● **Work to complete**:
Give back a single number: the count of lines in the data that contain the string "Bitch".

[Given records Boundary: Start]

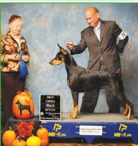
Bitch - Open BLK Caleb's Redemption L Jones
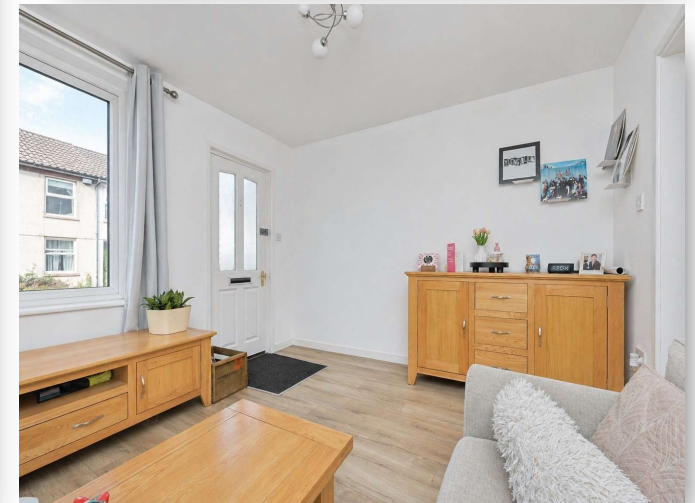
Gladstone Street, Norwich NR2 3BJ
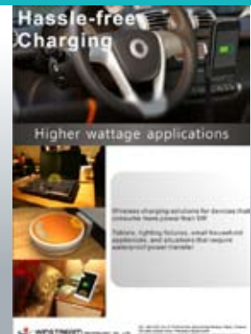
Wireless Charging Platform
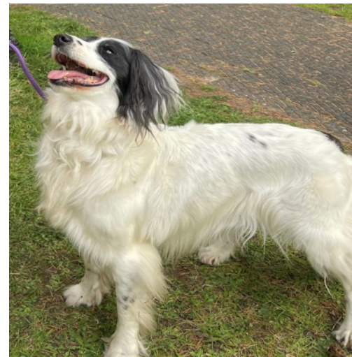
Dog Show Prettiest Bitch: JESS
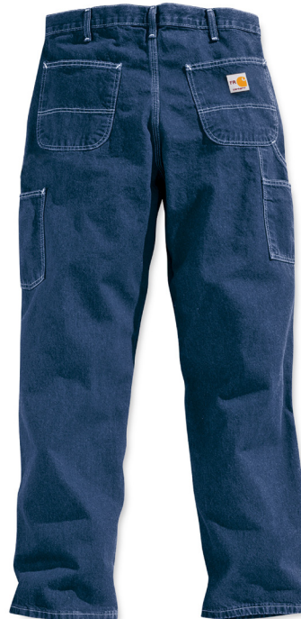
290 Carhartt Carpenter Jean 11.75 oz, 100% Cotton, Denim (83) ATPV 15.2, ARC 2 UL 2112 Certified
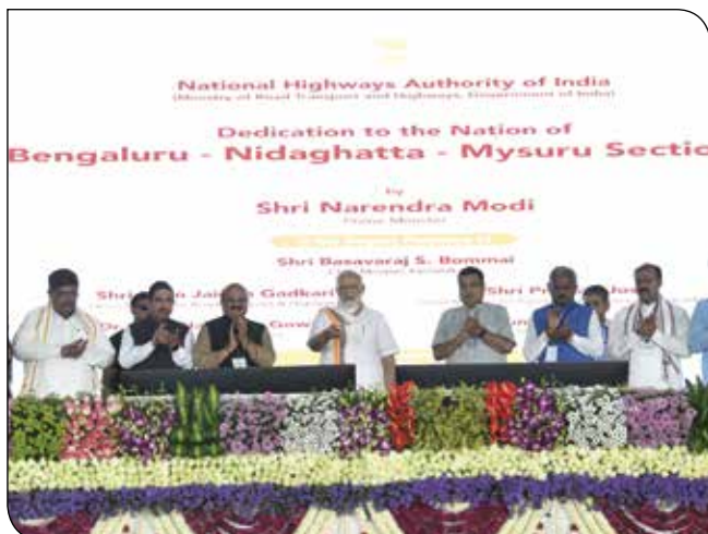
PM Shri Narendra Modi lays foundation stone and dedicates key development projects at Mandya in Karnataka on March 12, 2023
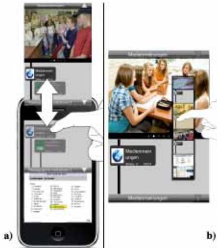
Figure 3: a) Vertical navigation between videos, b) Visualized browsing history

Our navigation support aims at providing an intuitive interaction technique, which allows users to follow hyperlinks and navigate easily within the navigation history. The major challenge hereby is to prevent users from getting lost in too much information presented on a small screen. Lost in Hypertext [1] is a well-known phenomenon, which may occur particularly in this situation. Due to this, we apply a spatial navigation concept: Whenever a video overlaps topically with other videos in the video collection (e.g. two keyframes cover the same topic), available relationships are indicated by a small arrow in the upper right corner of the user interface (see Fig. 2). When the user wipes downwards, the interface is being scrolled downwards, revealing related videos as shown at the bottom of Figure 3a.
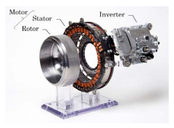
Crankshaft ISG system for 48V hybrid

The demand for 48V hybrid vehicles, which offer excellent fuel efficiency at relatively affordable costs, is expected to increase, especially in Europe. Mitsubishi Electric developed its ISG system—a crankshaft direct-driven system for idling-stop-start, energy recovery and torque assist—to achieve higher output power and better fuel efficiency in 48V hybrid vehicles. Mitsubishi Electric will continue developing increasingly smaller, lighter-weight and higher-power ISG systems to increase fuel efficiency and reduce CO<sub>2</sub> emissions.
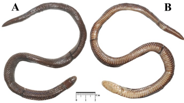
Figure 3. The upper side (A) and under side (B) body of C. melanota (MZB.Ophi.3129) from the Karimunjawa Island, north of Java, Indonesia. The first three scale rows and ventral scales show the characteristics of this species (Photographs by Irvan Sidik).
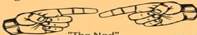
"The Nod" show some appreciation for your partner
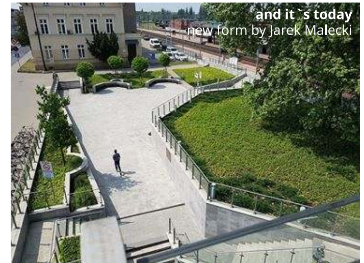
and it's today new form by Jarek Malecki
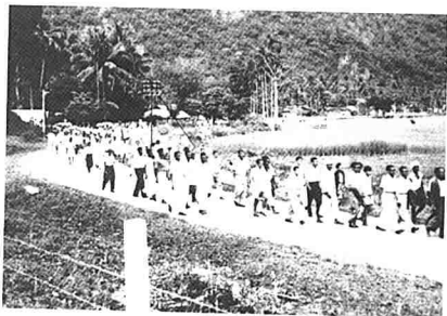
28th December 1955 The crowd arrives from Baling
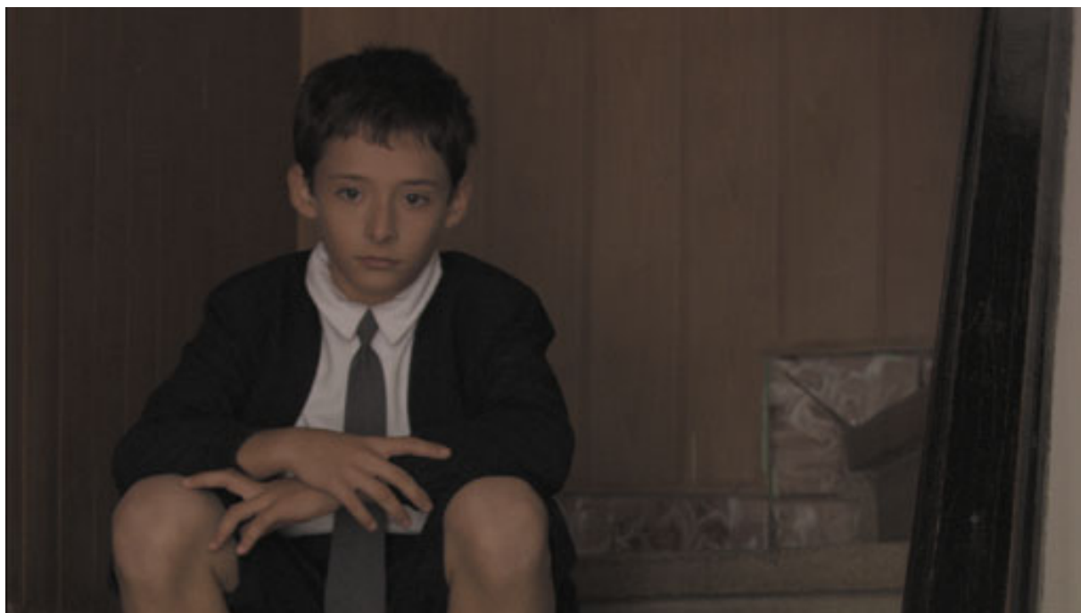
Antes y después de besar a María

Antes y después de besar a María/Before and After Kissing Maria (2007)

[Given records Boundary: End]

● **Completed exercise**:
2